The outside of the tomb was now desolate, many artifacts of antiquity destroyed. The stone statues of the sixty-one foreign ambassadors and rulers who had attended the funeral of Emperor Gao-zong that had lined the way to the tomb had been vaporized. The vegetation that had grown along the slopes of the three-thousand-foot-high man-made hill that was his grave had been burned away in a flash. The hill itself, though, was relatively undamaged, hidden behind a shimmering shield-wall of alien origin.
It was a sign of the desperation of the Chinese government that they’d not only detonated a nuclear weapon inside their own borders, but they’d aimed it at the grave of an emperor and empress. The Chinese revered their ancestors and thus their dead. Grave robbing was unknown and archaeological digging was considered practically the same thing: defiling the burial place of someone’s ancestors. A nuclear bomb definitely outranked both grave robbing and archaeological digs.
Qian-Ling, though, was now almost a shelter from the storm that waged around it. All around the mountain, the air shimmered from the strange alien shield that had been activated just prior to the nuclear weapon’s detonation. There was nothing alive on the surface of the earth within a ten-kilometer circle of the tomb, but underneath, inside the protective mountain of earth and alien barrier, the bomb had had little effect.
Inside a large cavern filled with alien equipment, Professor Che Lu sat cross-legged on the floor, just outside the control room that led to the guardian computer. She was an old woman, her skin creased with age, but her mind was as sharp as it had ever been.
Che Lu had seen all of the history of modern China, often participating rather than just watching it go by. She had been one of the twenty-six women who had started the Long March with Mao sixty-four years before. Only six of those women had made it to the end alive. Only ten percent of the one hundred thousand men who had started the march had been alive when they arrived at Yanan in Shaanxi Province in December 1935 after walking over six thousand miles to escape Chiang Kai-shek’s forces.
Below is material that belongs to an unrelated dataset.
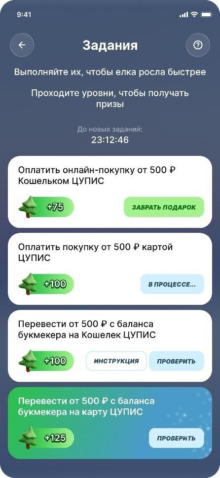 Что сделали во втором запуске. Сократили список до 4 заданий. Все — на самые популярные сценарии использования приложения: оплатить покупку, перевести с баланса букмекера на кошелек, перевести на карту. Простые, понятные действия, которые пользователь и так совершает.Задания стали ежедневными. Выполнил — вернулся — забрал награду — на следующий день снова доступно.

She knew how significant it was that her government had tried to destroy Qian-Ling. It was more than just a blind fear of the aliens… it was also a desperate attempt by the leaders to keep the country in ignorance and remain in power.
Metal beams came up from the nearest wall and disappeared overhead, curving to follow the dome ceiling around to touch down on the far side. There were numerous large objects scattered about on the floor, the exact purpose of which was still unknown, except for one large cylinder that gave off a hum… that one had propagated the shield that had saved their lives. The black metal covering it had slid back at Elek’s command through the guardian. A drum had been revealed, about fifty meters long by ten in diameter. It was mounted on both ends in a cradle of black metal that attached at the center. The drum continued to rotate with streaks of color… red, orange, violet, purple… intermingled on its surface. The other, unopened containers, were in the form of black rectangles ranging from a few feet in size to one over a hundred meters long and sixty high.
Fifty feet away from where Che Lu sat there was a bright green light glowing out of the wall, brighter even than the one overhead. Inside was a control room, and beyond that, the chamber housing the golden pyramid that was the Qian-Ling guardian computer.